PROBLEM REQUIREMENTS
Once the pictures have been excluded, set down each remaining entry word for word.

MATERIAL FOR THE TASK
┏━━

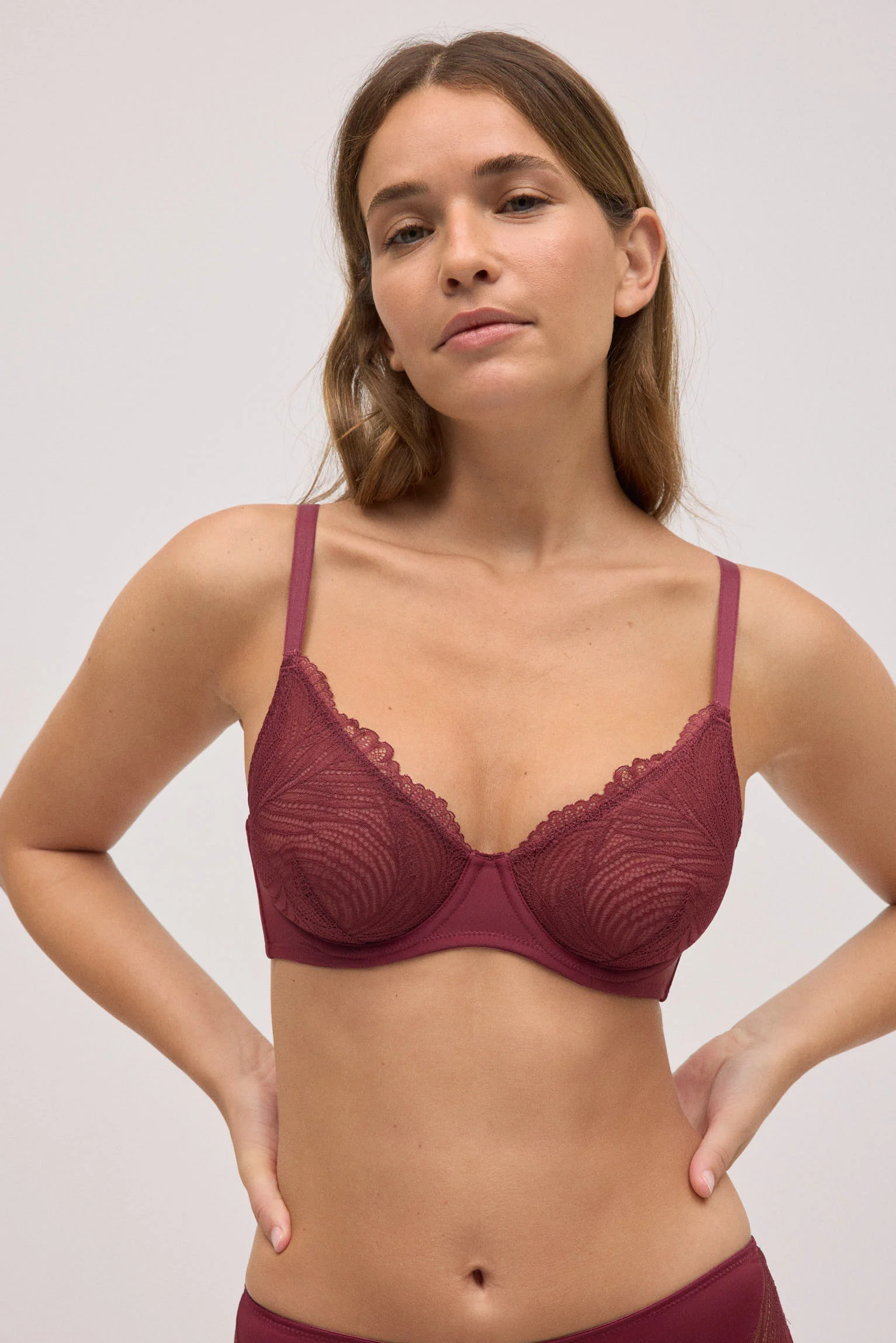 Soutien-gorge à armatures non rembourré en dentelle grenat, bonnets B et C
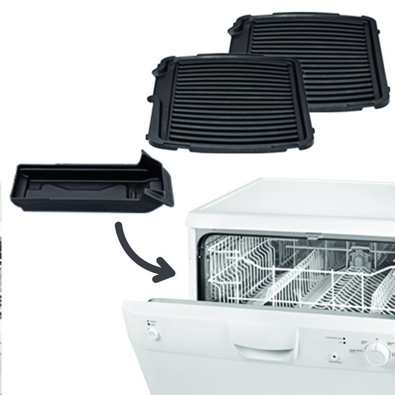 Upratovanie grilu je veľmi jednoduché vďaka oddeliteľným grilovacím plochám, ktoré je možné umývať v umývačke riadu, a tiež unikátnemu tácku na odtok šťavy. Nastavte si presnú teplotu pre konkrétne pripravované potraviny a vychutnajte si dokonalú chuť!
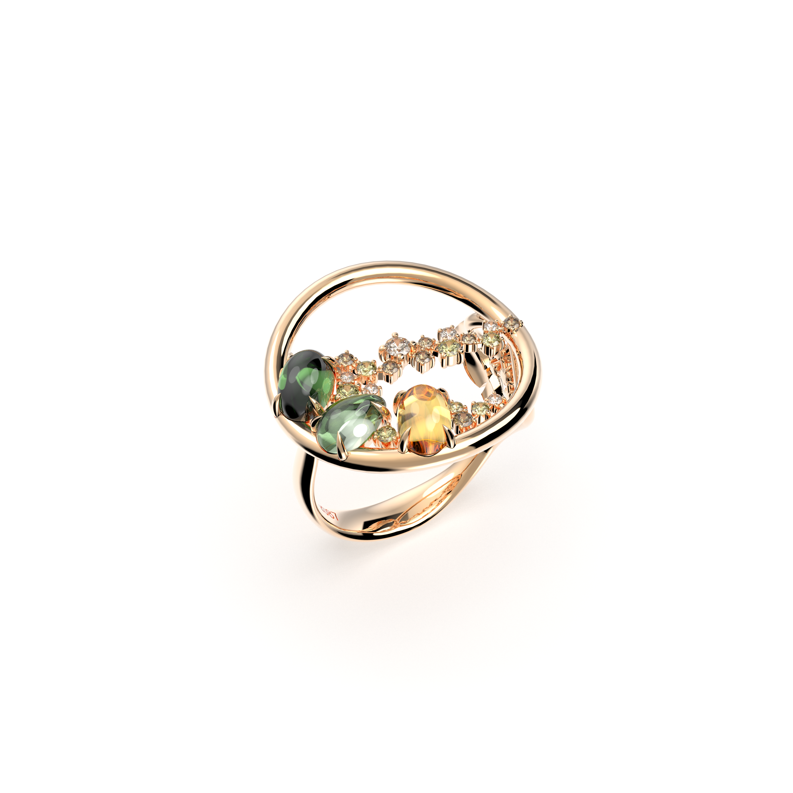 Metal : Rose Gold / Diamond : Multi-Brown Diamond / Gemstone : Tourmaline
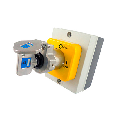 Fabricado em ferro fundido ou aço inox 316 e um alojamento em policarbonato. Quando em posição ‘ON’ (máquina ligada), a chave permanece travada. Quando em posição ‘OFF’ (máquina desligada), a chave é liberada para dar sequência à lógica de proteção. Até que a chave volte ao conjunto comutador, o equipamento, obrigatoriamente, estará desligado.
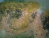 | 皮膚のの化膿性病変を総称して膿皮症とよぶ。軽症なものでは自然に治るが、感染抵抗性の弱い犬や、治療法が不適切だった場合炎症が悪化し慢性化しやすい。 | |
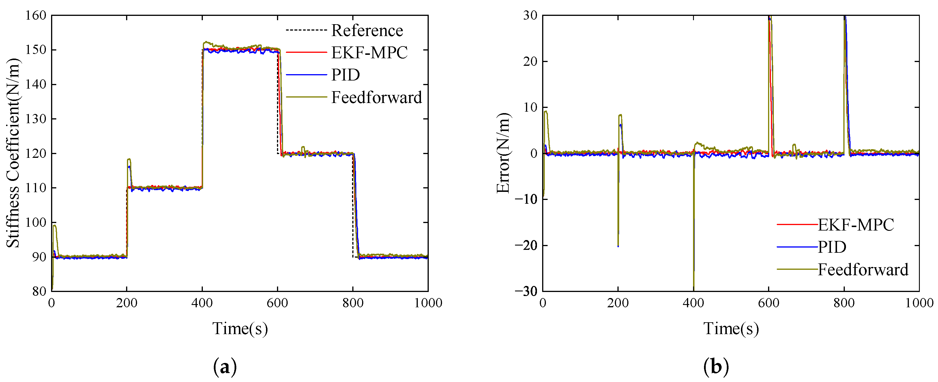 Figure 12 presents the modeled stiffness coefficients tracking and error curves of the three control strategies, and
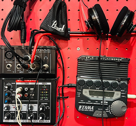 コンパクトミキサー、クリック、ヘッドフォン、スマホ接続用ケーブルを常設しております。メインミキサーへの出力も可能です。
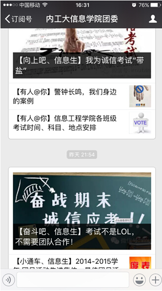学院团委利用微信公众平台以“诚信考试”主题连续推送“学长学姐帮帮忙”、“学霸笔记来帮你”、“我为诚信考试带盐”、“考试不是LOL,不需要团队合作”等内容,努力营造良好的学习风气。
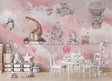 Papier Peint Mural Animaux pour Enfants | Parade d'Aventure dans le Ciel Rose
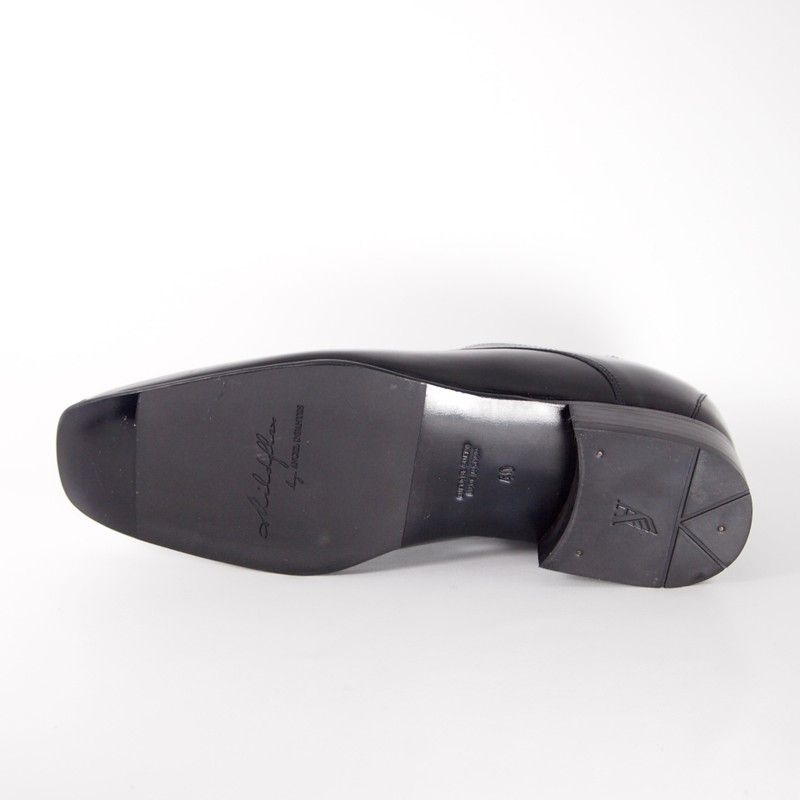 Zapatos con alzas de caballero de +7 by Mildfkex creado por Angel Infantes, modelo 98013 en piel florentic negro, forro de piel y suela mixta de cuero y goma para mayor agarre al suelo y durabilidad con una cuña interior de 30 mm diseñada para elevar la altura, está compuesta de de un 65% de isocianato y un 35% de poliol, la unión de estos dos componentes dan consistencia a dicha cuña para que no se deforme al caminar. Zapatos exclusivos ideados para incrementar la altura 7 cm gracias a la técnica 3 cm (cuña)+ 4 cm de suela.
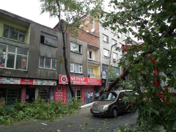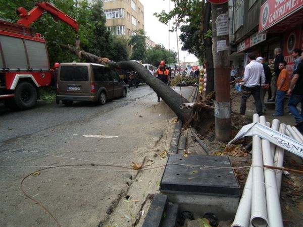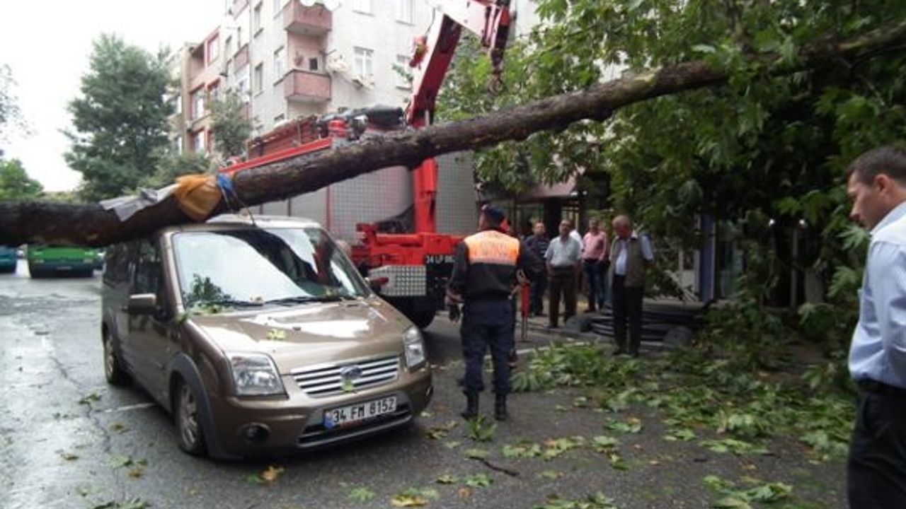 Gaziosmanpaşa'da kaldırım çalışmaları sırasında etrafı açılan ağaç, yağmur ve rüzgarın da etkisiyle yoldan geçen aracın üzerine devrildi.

┗━━

EXERCISE RESULT
 Soutien-gorge à armatures non rembourré en dentelle grenat, bonnets B et C
 Upratovanie grilu je veľmi jednoduché vďaka oddeliteľným grilovacím plochám, ktoré je možné umývať v umývačke riadu, a tiež unikátnemu tácku na odtok šťavy. Nastavte si presnú teplotu pre konkrétne pripravované potraviny a vychutnajte si dokonalú chuť!
 Metal : Rose Gold / Diamond : Multi-Brown Diamond / Gemstone : Tourmaline
 Fabricado em ferro fundido ou aço inox 316 e um alojamento em policarbonato. Quando em posição ‘ON’ (máquina ligada), a chave permanece travada. Quando em posição ‘OFF’ (máquina desligada), a chave é liberada para dar sequência à lógica de proteção. Até que a chave volte ao conjunto comutador, o equipamento, obrigatoriamente, estará desligado.
 | 皮膚のの化膿性病変を総称して膿皮症とよぶ。軽症なものでは自然に治るが、感染抵抗性の弱い犬や、治療法が不適切だった場合炎症が悪化し慢性化しやすい。 | |
 Figure 12 presents the modeled stiffness coefficients tracking and error curves of the three control strategies, and
 コンパクトミキサー、クリック、ヘッドフォン、スマホ接続用ケーブルを常設しております。メインミキサーへの出力も可能です。
学院团委利用微信公众平台以“诚信考试”主题连续推送“学长学姐帮帮忙”、“学霸笔记来帮你”、“我为诚信考试带盐”、“考试不是LOL,不需要团队合作”等内容,努力营造良好的学习风气。
 Papier Peint Mural Animaux pour Enfants | Parade d'Aventure dans le Ciel Rose
 Zapatos con alzas de caballero de +7 by Mildfkex creado por Angel Infantes, modelo 98013 en piel florentic negro, forro de piel y suela mixta de cuero y goma para mayor agarre al suelo y durabilidad con una cuña interior de 30 mm diseñada para elevar la altura, está compuesta de de un 65% de isocianato y un 35% de poliol, la unión de estos dos componentes dan consistencia a dicha cuña para que no se deforme al caminar. Zapatos exclusivos ideados para incrementar la altura 7 cm gracias a la técnica 3 cm (cuña)+ 4 cm de suela.
 Gaziosmanpaşa'da kaldırım çalışmaları sırasında etrafı açılan ağaç, yağmur ve rüzgarın da etkisiyle yoldan geçen aracın üzerine devrildi.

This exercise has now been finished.